The genius of Berry Brazelton was to nest a positive educational set of tools helping parents to “see” and make sense of their enigmatic new babies (and in so doing, to feel that they can better relate to them) in a behavioural assessment format. The NBAS (Newborn Behavioral Assessment Scale) was developed in 1973, later complemented by the NBO (Newborn Behavioral Observation System), in 1985, to meet parents’ needs more directly. By providing this behavioral profile of the infant's strengths and challenges, the NBO can provide clinicians with the kind of individualized guidance that can help parents meet their baby's needs. This, in turn, will help the parents develop the kind of confidence they need to support their baby's development and enjoy the experience of being a new parent.

Several presentations and a dozen of interesting posters supported the relevance of the Brazelton tools to assess and predict child health development in a non-judgmental, non- didactic way with priority given to prevention and early support. The conference overall endorsed the need to assist parents emphasise their infants’ competences and understand difficulties as developmental challenges that can be at least partly met with responsive openness. The issue of emotional availability seems to remain pivotal to parents’ ability to perceive their babies as persons in the context of interactive relationships.  Researcher/paediatrician Dieter Wolke could show with data from eight countries the long-term importance of the early parental ability to support babies in self-regulation.

The Conference reinforced the urgency of a behavioural focus rather than merely looking at neurological problems or advising psychological interventions, as endorsed by the Cambridge Centre for Perinatal Neuroscience where 84% of practitioners are NBO trained.

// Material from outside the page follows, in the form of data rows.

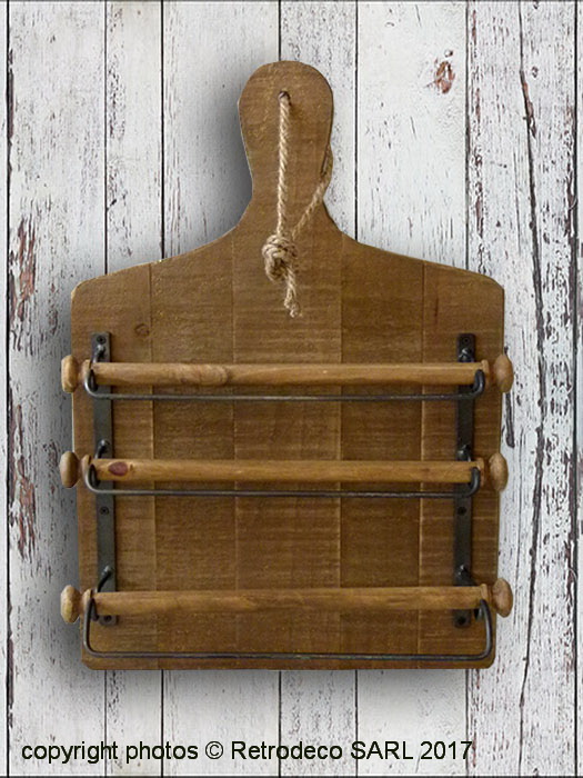 On aime ce distributeur mural original pour essuie-tout, aluminium et film en forme de planche à découper avec sa grosse cordelette de chez Antic Line. Il s’intégrera parfaitement dans une ambiance campagne. Distributeur de sopalin Antic Line. Dimensions : L36cm – P16cm – h50cm.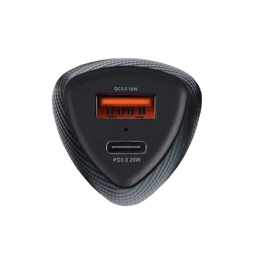 Εξαιρετικά λειτουργικός φορτιστής αυτοκινήτου από τη σειρά FORCELL CARBON. Εξοπλισμένος με δύο θύρες φόρτισης: USB-C και USB. Υποστηρίζει πρωτόκολλα γρήγορης φόρτισης QC 3.0 και PD 3.0 και διαθέτει πολυεπίπεδο σύστημα ασφαλείας.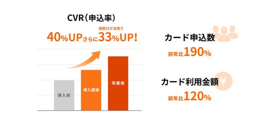 CVR(申込率)40%UP さらに検索ログ活用で33%UP! カード申込数前年比190% カード利用金額前年比120%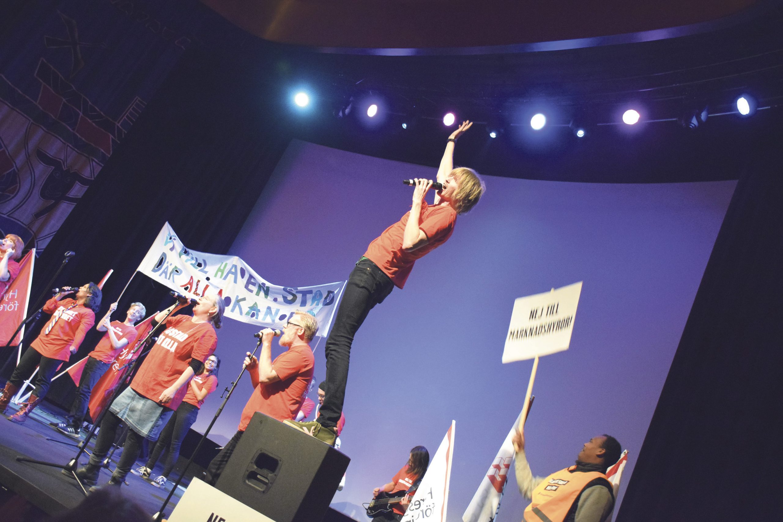 Talen varvades med uppträdanden från bland annat Sara Garib, Ortens poet 2018 och popbandet Förbannade hyresgäster, samt visning av Astrid Askbergers värmande bostadspolitiska kortfilm ”Väggen”.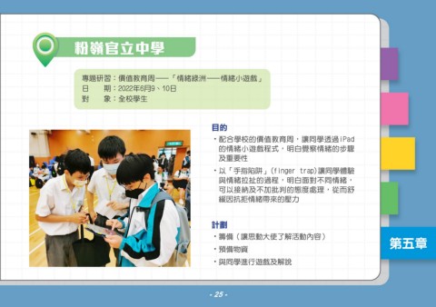 粉嶺官立中學 專題研習:價值教育周—「情緒綠洲—情緒小遊戲」 日 期:2022年6月9、10日 對 象:全校學生 目的 .配合學校的價值教育周,讓同學透過iPad 的情緒小遊戲程式,明白覺察情緒的步驟 及重要性 .以「手指陷阱」(finger trap)讓同學體驗 與情緒拉扯的過程,明白面對不同情緒, 可以接納及不加批判的態度處理,從而舒 緩因抗拒情緒帶來的壓力 計劃 .籌備(讓思動大使了解活動內容) 第五章 .預備物資 .與同學進行遊戲及解說 - - 25 - 25 -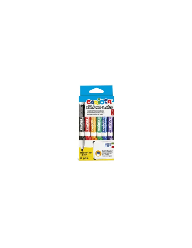 CAJA 6 ROTULADORES CON CLIP PARA PIZARRA BLANCA. SECADO RAPIDO. SE BORRA FACILMENTE. COLORES SURTIDOS.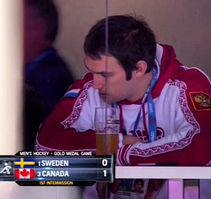 Можно вспомнить Олимпиаду в Сочи, когда во время хоккейного финала его поймали камеры. Ови смотрел матч с кружкой пива и явно досадовал, что не находился в этот момент на льду.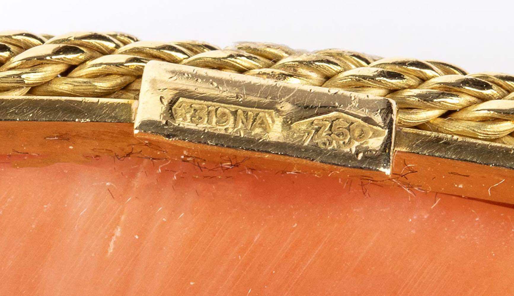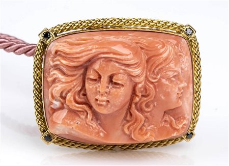 oro giallo 18k, di forma ovale, incastonata con cammeo scolpito in corallo Cerasuolo (corallium elatius) raffigurante un profilo femminile con capelli mossi; incastonata con diamanti neri 0,15 ct circa. Punzonato "750", "319 NA". Dimensioni 40 x 35 mm. Peso 33,7 gr. Stato di conservazione: ***** eccellente.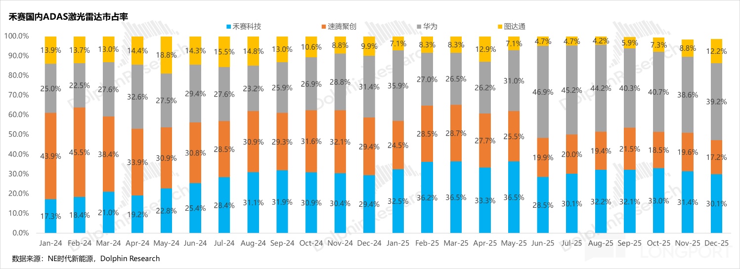 因此,在獨立第三方 Tier 1 市場中,實際的角逐仍集中在禾賽、速騰聚創和圖達通之間。目前,禾賽憑藉低價 ATX 的強勢出貨,四季度在乘用車激光雷達的市佔率達 31.3%,高出 “龍二” 速騰聚創近 13 個百分點,仍然穩居行業第一。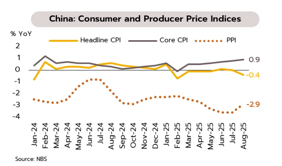 จีนเผชิญแรงกดดันจากภายนอกเพิ่มมากขึ้น การส่งออกในเดือนสิงหาคมขยายตัวต่ำสุดในรอบ 6 เดือนที่ 4.4% YoY ขณะที่การส่งออกไปยังสหรัฐฯ หดตัวเร่งขึ้นจาก -21.7% ในเดือนกรกฎาคมเป็น -33.1% ในเดือนสิงหาคม ส่วนการส่งออกไปยังคู่ค้าสำคัญอื่นยังขยายตัวได้สูง เช่น อาเซียน (+22.5%) และสหภาพยุโรป (+10.4%) ขณะเดียวกันอัตราเงินเฟ้อทั่วไปยังคงต่ำกว่า 1% นานติดต่อกัน 30 เดือน อีกด้านหนึ่ง เม็กซิโกประกาศขึ้นภาษีนำเข้าสินค้าจากจีนเป็น 50% สำหรับรถยนต์ 35% สำหรับเหล็ก ของเล่นและมอร์เตอร์ไซด์ และ 10-50% สำหรับสิ่งทอ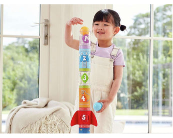 Este cohete apilable con tubos numerados y animales divertidos permite ver cómo una pelota flota con aire, ayudando a despertar la curiosidad por la física mientras desarrolla motricidad fina, reconocimiento de formas y primeros conceptos de conteo.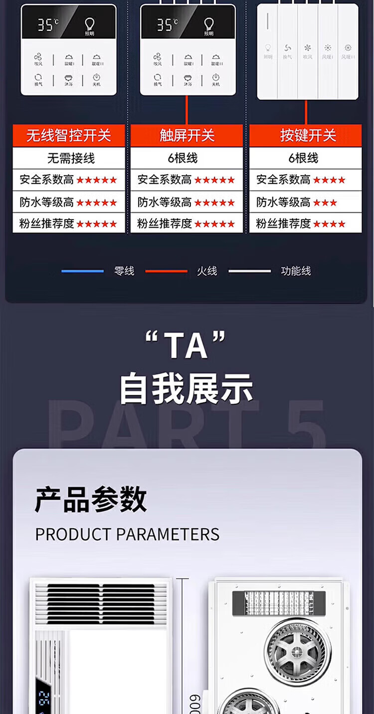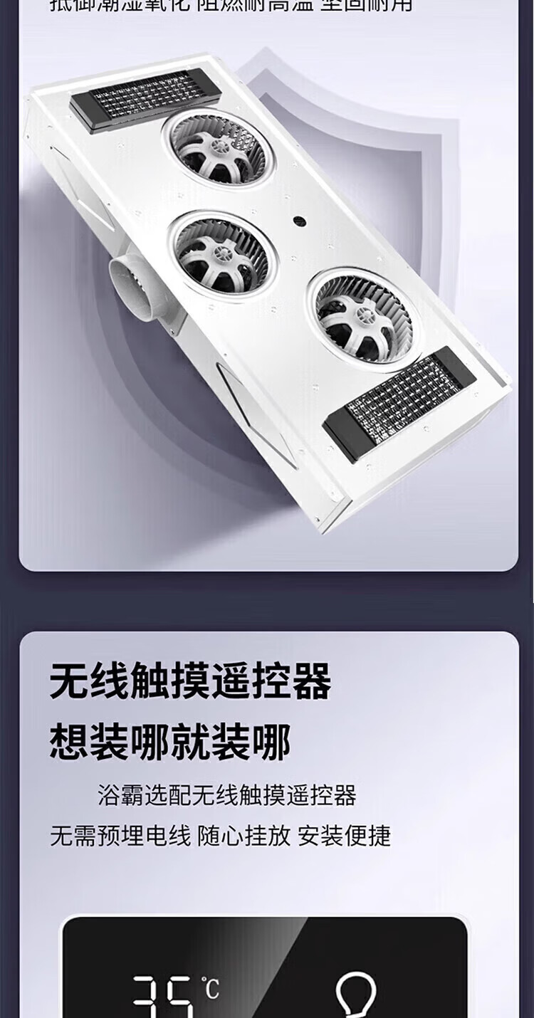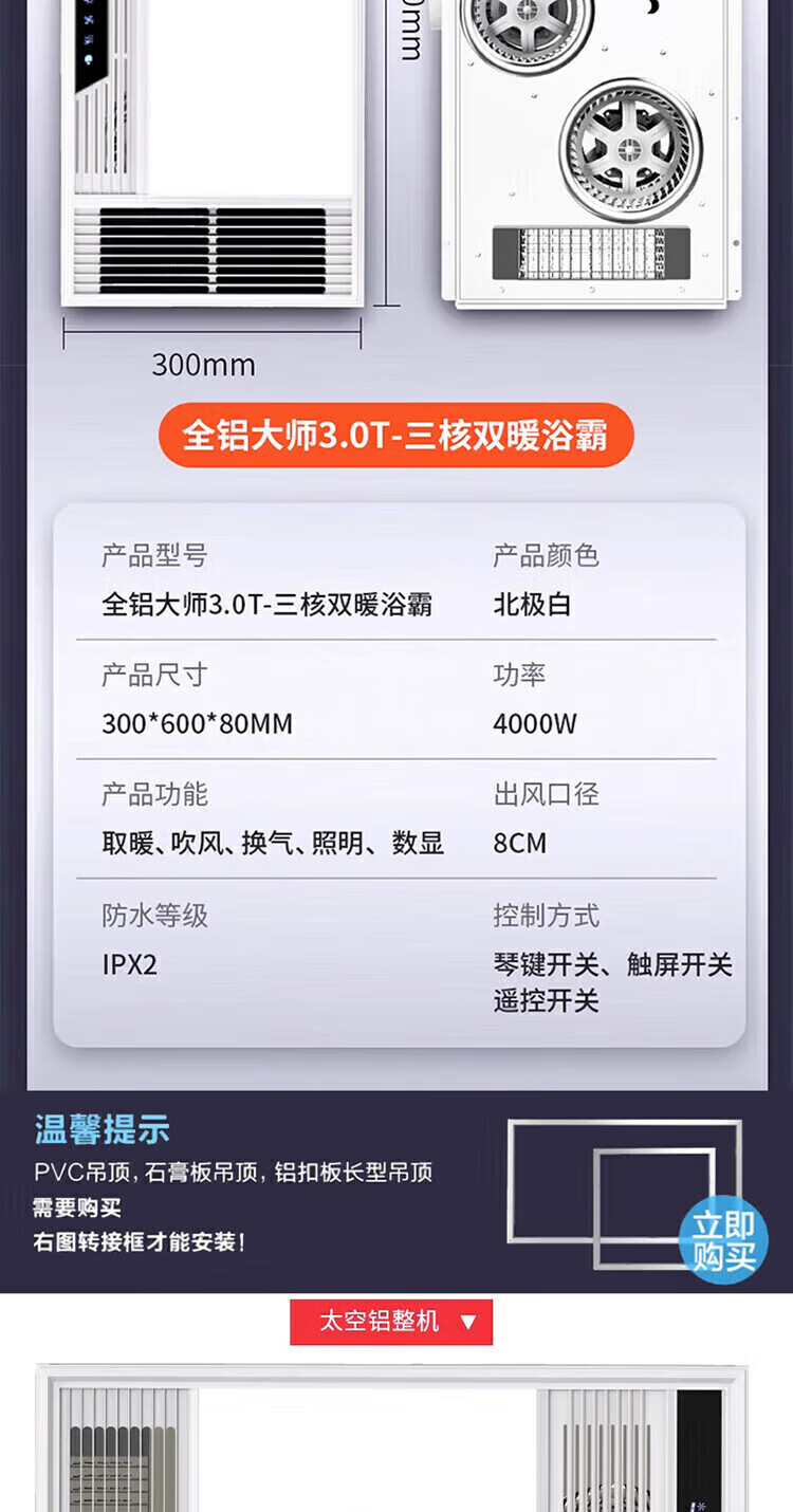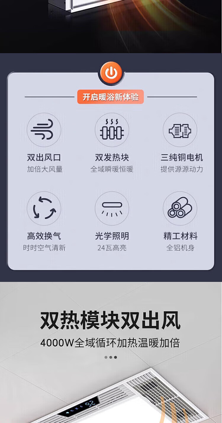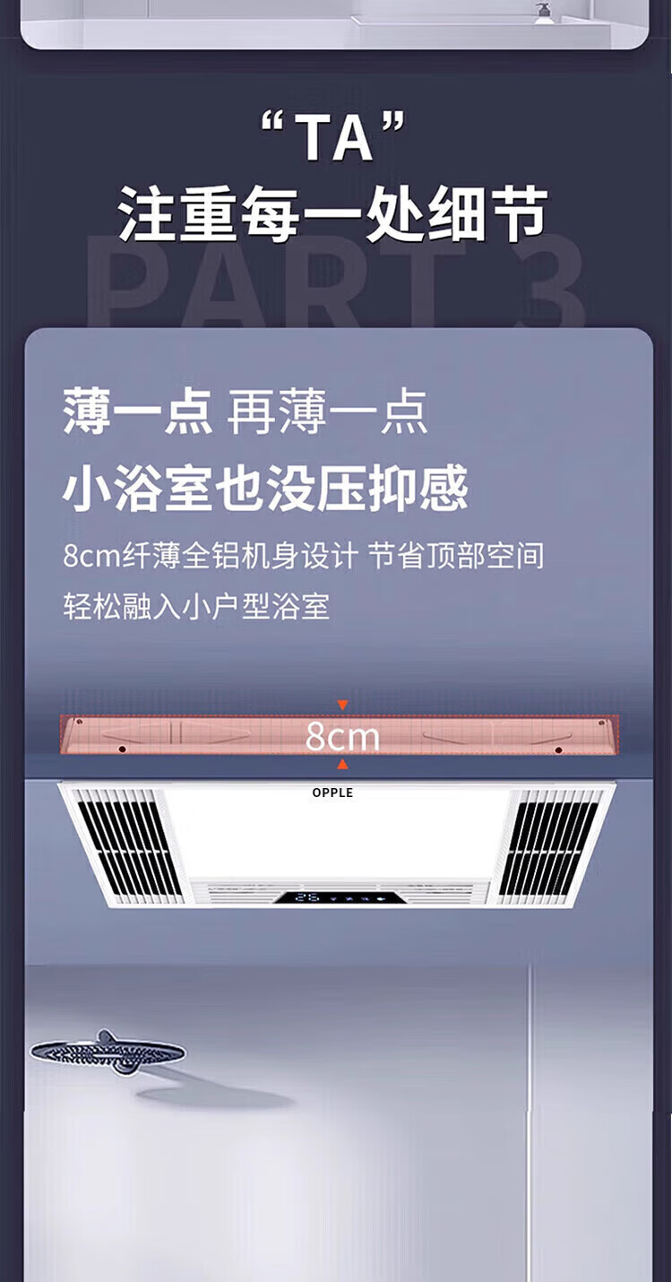 OPPLE Integrated Ceiling Air Heating Bath Heater 30*60 Five-in-One Exhaust Lighting Bathroom Heater Bathroom Kitchen Light (Full Plastic Triple Core) White Piano Key Switch

While Birthlight training tutors have done a collective NBO, this course is relevant to all Birthlight teaching members and we will seek ways to support further trainings. Inviting observations, welcoming and reinforcing parents’ expertise, offering responsive guidance rather than advice and inviting parents to see their own strengths through our support are professional guidelines that we are grateful to Dr Brazelton for giving the world. All babies, all parents and all practitioners working with them whether in hospitals or in communities can only benefit, short and long term, from this paradigmatic shift in the perception and treatment of newborns.